The task - Make an exact copy of the lines from the one containing "bracelet gift fidelity" through the end of the material, including both ends but no pictures.

::::::::

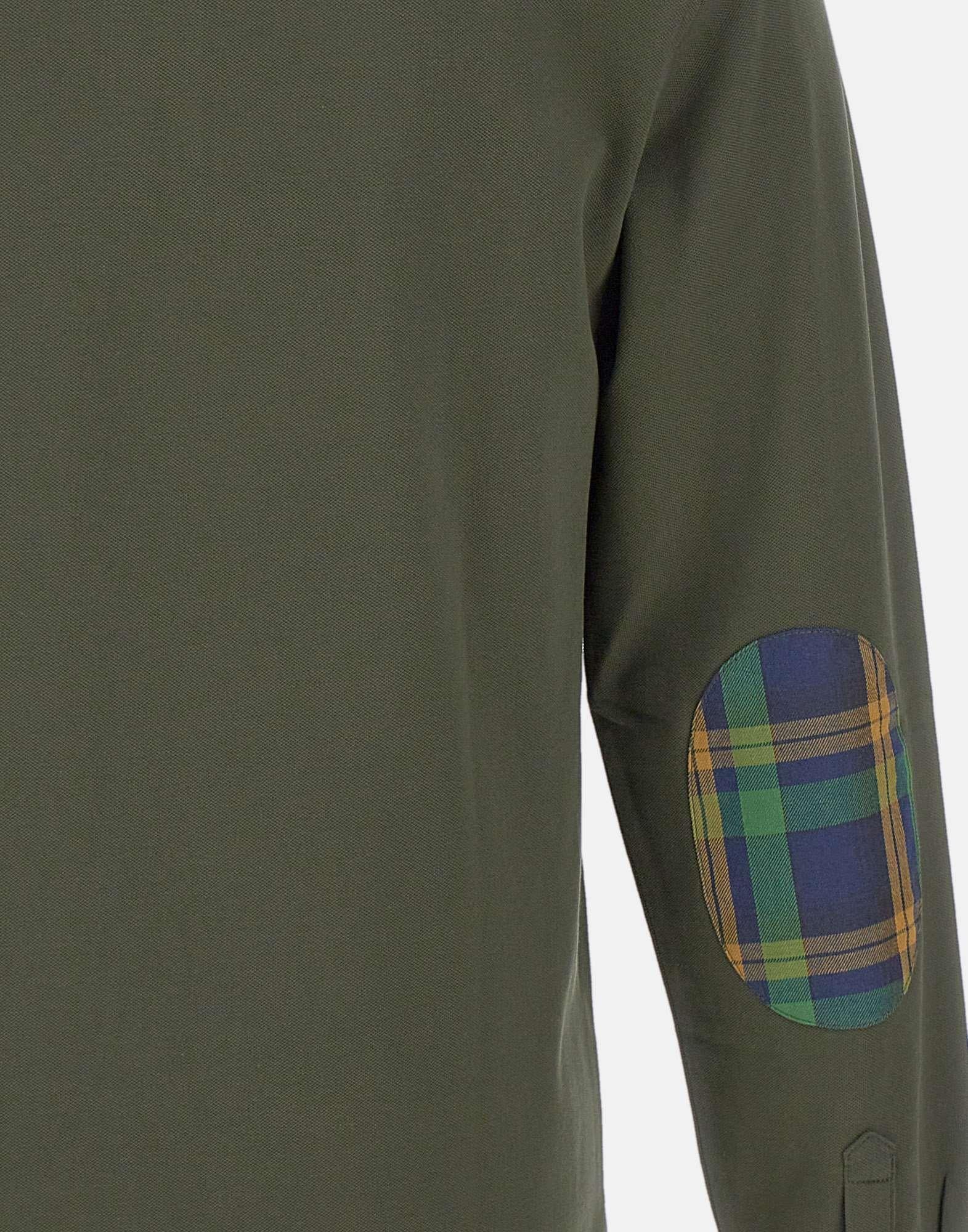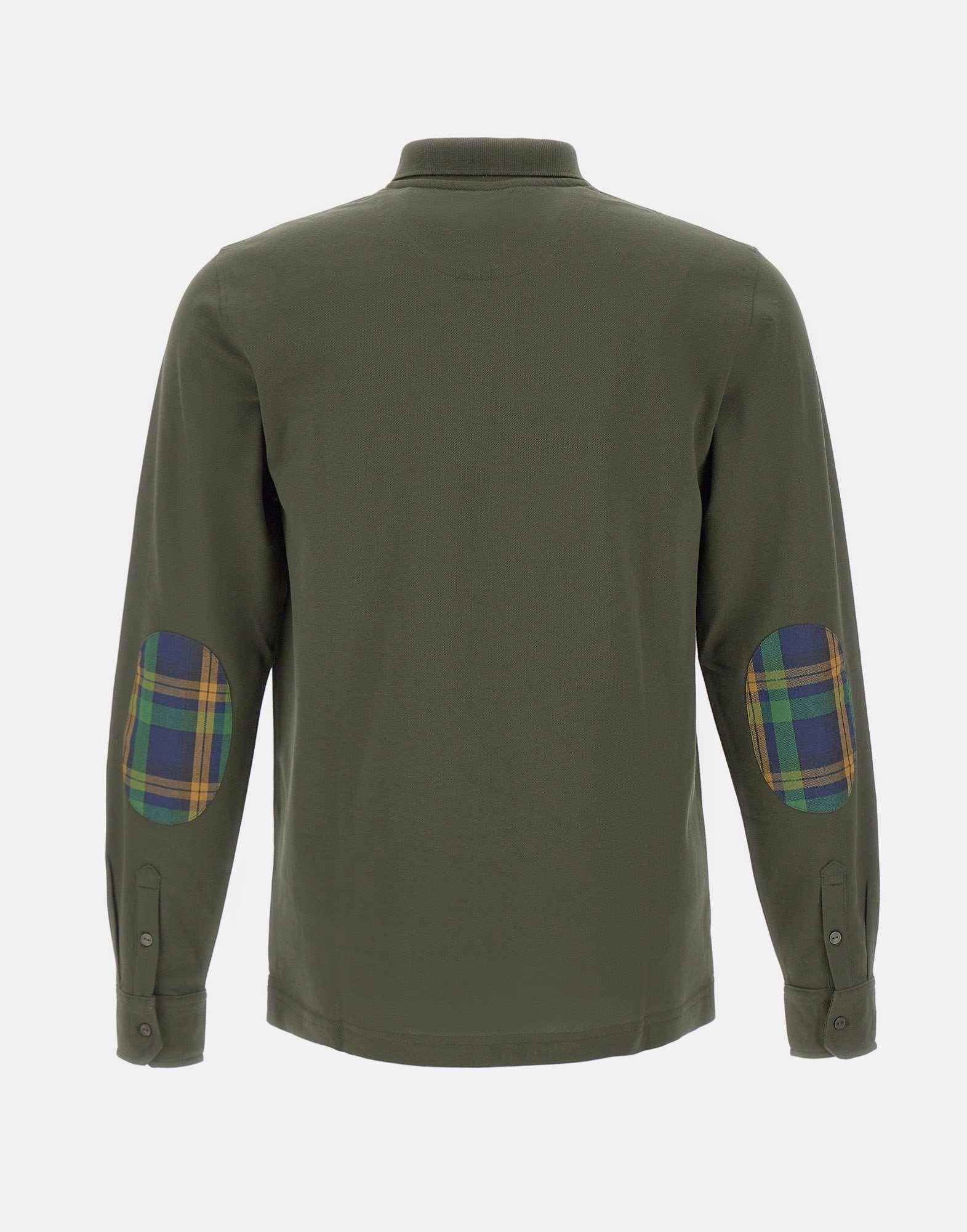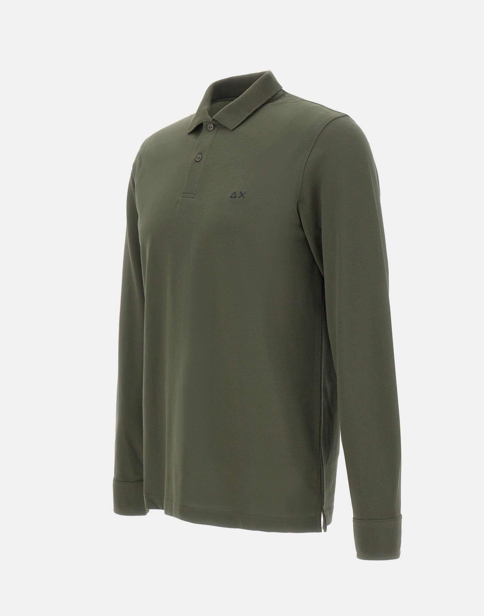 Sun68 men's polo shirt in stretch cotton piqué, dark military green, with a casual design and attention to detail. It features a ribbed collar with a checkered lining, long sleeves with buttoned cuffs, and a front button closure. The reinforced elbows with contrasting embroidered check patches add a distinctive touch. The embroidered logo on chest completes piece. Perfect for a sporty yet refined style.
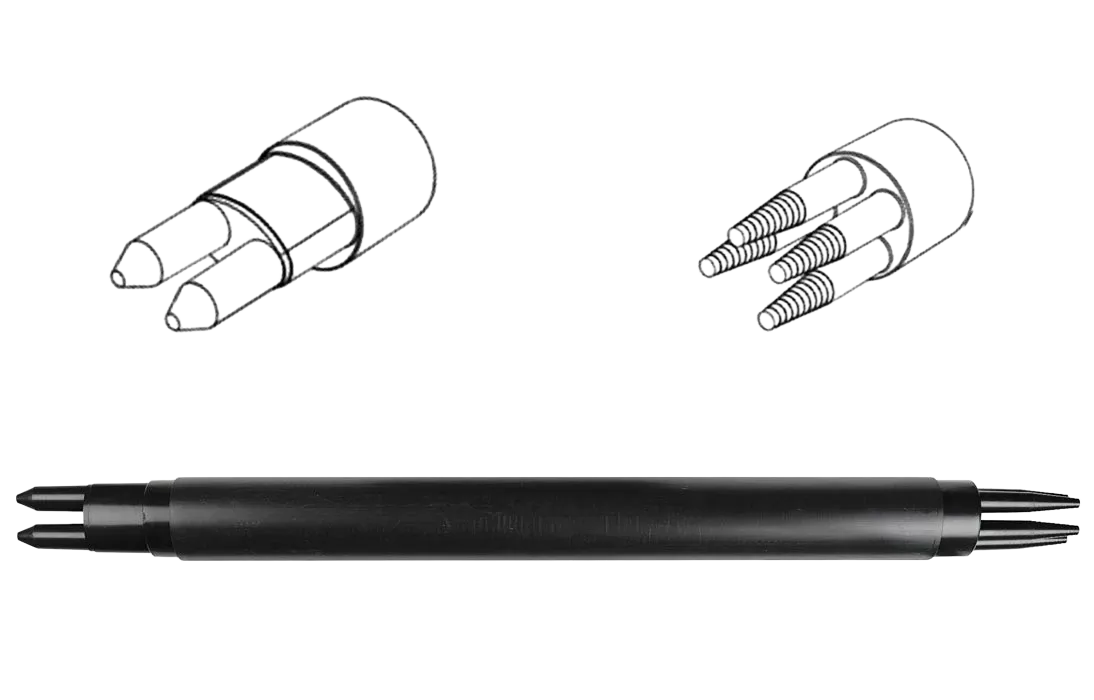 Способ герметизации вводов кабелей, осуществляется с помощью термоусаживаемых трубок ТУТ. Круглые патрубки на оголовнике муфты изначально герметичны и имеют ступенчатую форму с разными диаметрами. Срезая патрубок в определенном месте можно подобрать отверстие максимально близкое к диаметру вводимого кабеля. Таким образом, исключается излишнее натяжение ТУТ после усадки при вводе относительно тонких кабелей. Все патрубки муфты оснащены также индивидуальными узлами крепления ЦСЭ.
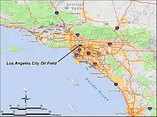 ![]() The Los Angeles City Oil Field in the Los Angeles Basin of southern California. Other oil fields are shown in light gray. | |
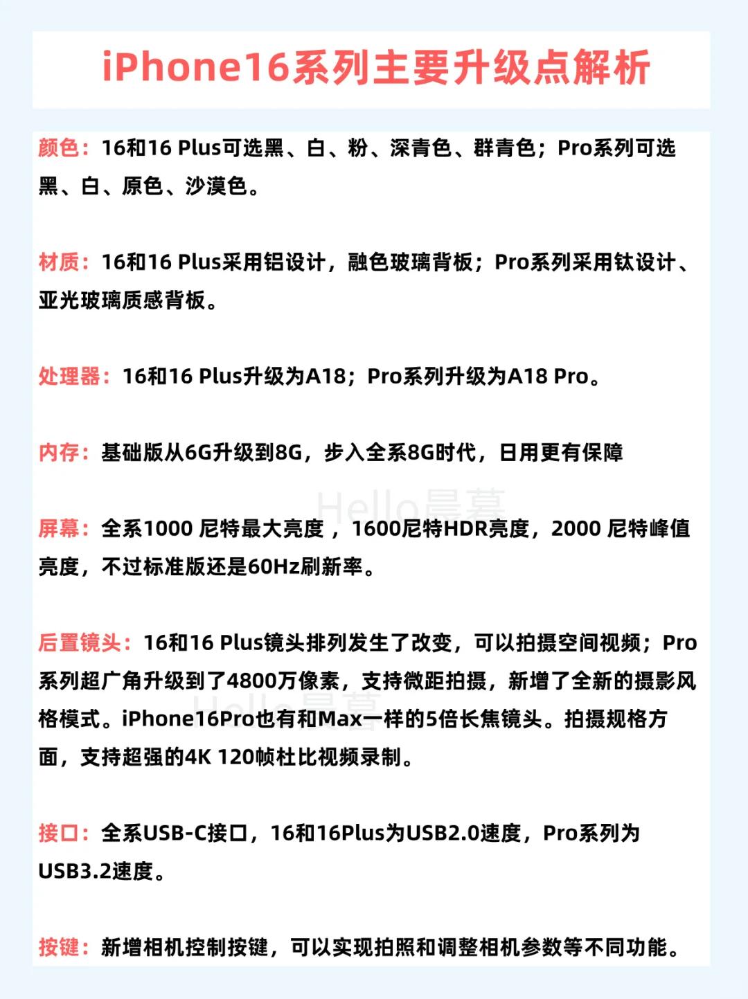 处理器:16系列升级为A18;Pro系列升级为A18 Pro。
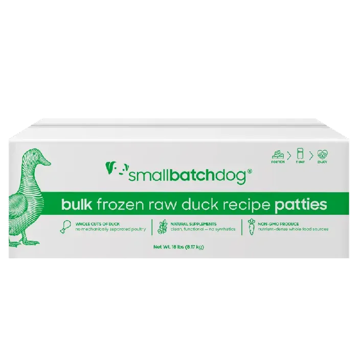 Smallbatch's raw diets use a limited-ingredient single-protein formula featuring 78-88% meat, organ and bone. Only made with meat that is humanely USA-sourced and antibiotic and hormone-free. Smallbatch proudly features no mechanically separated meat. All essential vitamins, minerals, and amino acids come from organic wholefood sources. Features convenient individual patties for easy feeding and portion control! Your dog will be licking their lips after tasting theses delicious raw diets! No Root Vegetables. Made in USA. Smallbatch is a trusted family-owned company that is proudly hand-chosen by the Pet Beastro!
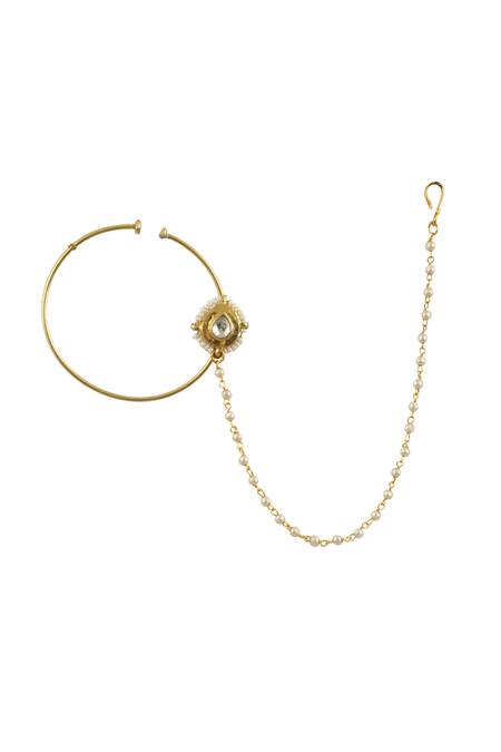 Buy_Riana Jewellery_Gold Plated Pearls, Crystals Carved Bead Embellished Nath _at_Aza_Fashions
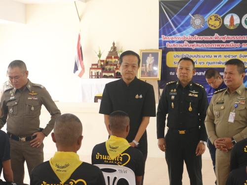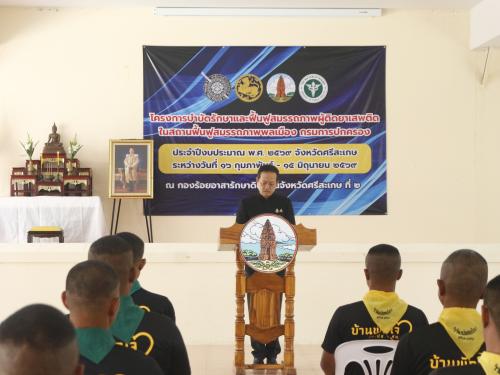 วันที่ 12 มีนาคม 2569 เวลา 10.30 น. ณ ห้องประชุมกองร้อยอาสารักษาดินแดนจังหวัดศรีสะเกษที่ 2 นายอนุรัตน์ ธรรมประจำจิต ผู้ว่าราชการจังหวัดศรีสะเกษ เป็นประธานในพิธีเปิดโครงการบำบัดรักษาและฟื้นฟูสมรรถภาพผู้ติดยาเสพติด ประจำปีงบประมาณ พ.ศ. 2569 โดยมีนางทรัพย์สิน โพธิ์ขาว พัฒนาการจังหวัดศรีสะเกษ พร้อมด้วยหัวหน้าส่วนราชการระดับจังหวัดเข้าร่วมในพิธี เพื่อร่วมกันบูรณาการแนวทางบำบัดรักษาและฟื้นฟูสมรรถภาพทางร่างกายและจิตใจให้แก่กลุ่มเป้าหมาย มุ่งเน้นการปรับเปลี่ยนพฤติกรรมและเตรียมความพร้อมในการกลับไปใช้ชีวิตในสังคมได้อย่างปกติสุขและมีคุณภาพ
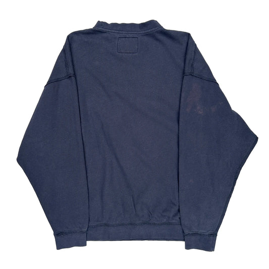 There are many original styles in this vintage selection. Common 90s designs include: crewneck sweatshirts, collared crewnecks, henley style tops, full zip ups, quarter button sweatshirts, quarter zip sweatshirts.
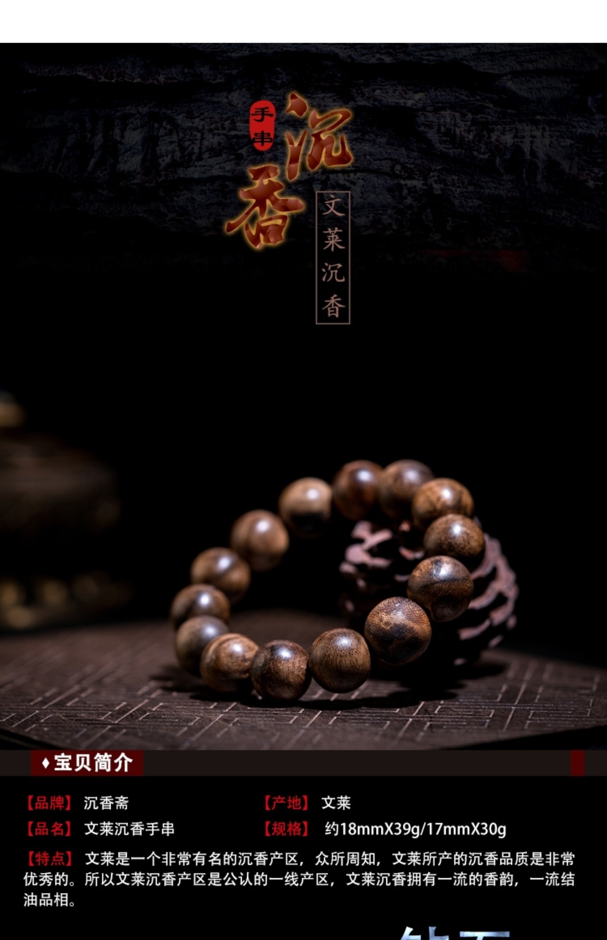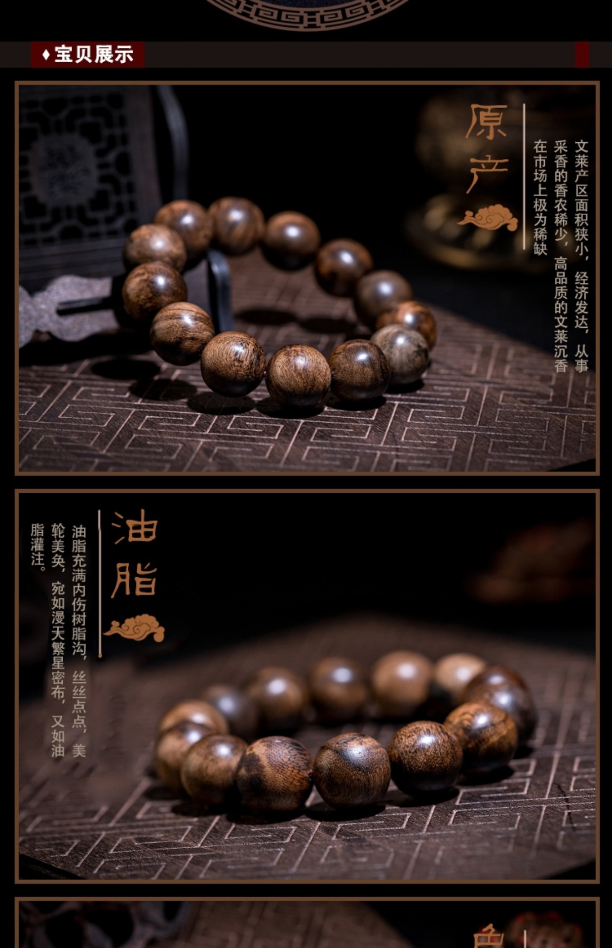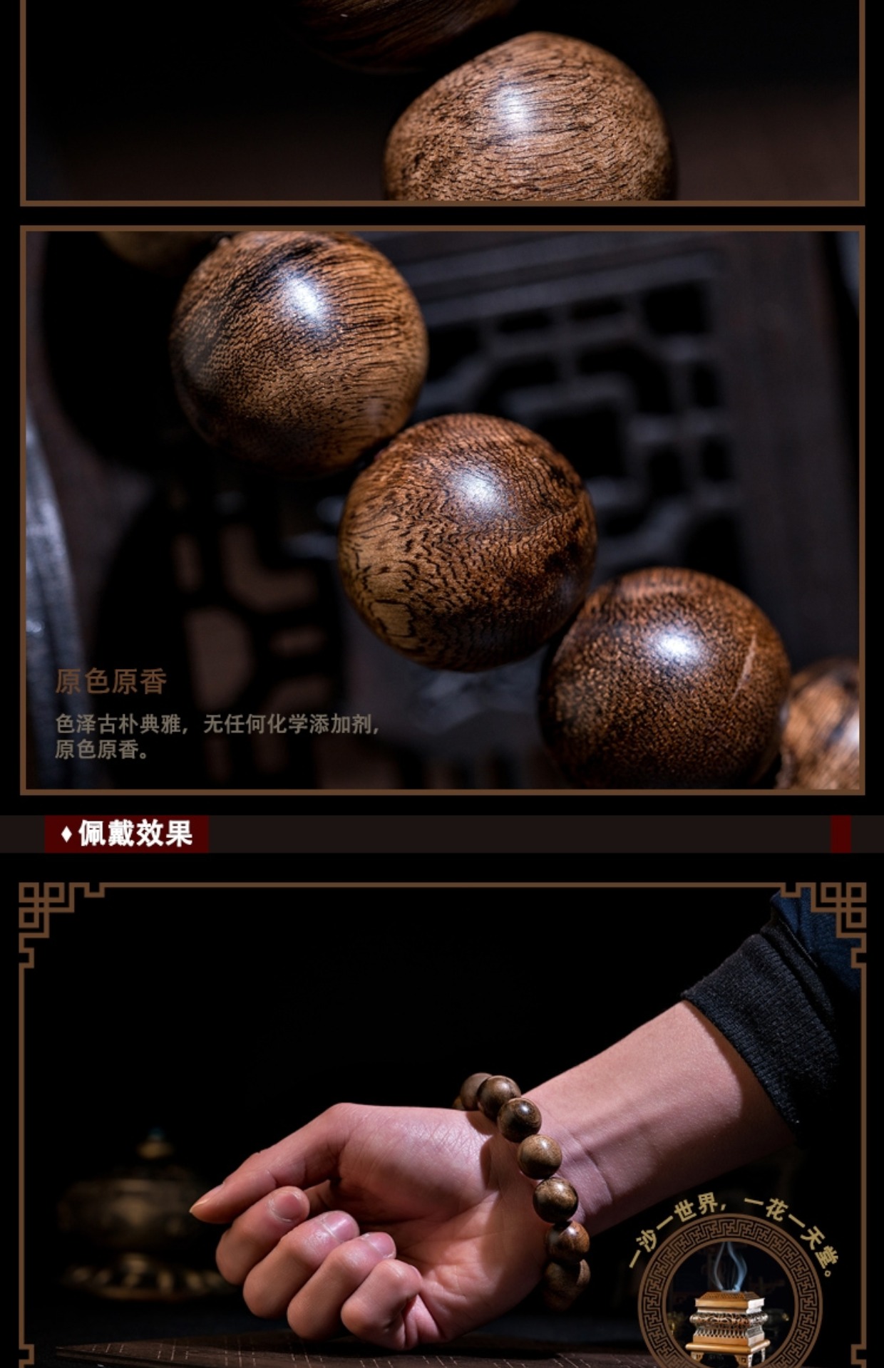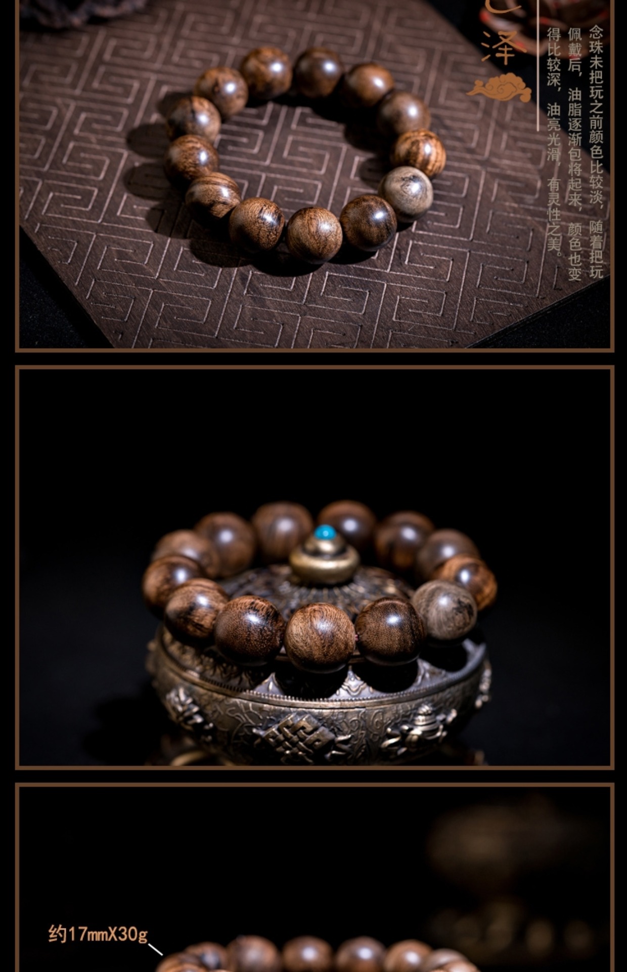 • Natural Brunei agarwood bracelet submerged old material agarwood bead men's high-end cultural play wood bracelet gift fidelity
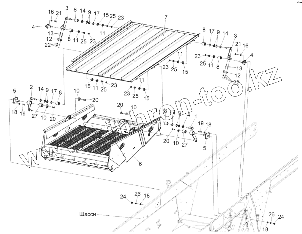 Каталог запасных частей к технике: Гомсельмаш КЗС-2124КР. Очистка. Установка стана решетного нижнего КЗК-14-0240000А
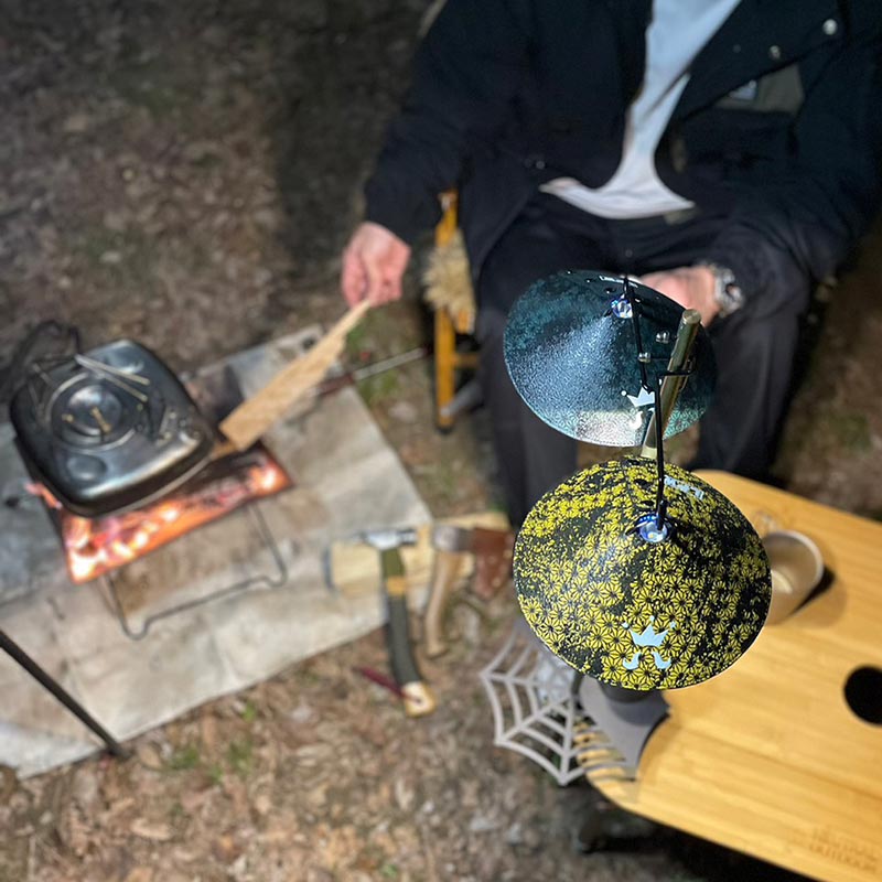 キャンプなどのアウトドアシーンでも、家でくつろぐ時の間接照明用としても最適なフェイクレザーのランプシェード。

::::::::

Your solution -
 • Natural Brunei agarwood bracelet submerged old material agarwood bead men's high-end cultural play wood bracelet gift fidelity
 Каталог запасных частей к технике: Гомсельмаш КЗС-2124КР. Очистка. Установка стана решетного нижнего КЗК-14-0240000А
 キャンプなどのアウトドアシーンでも、家でくつろぐ時の間接照明用としても最適なフェイクレザーのランプシェード。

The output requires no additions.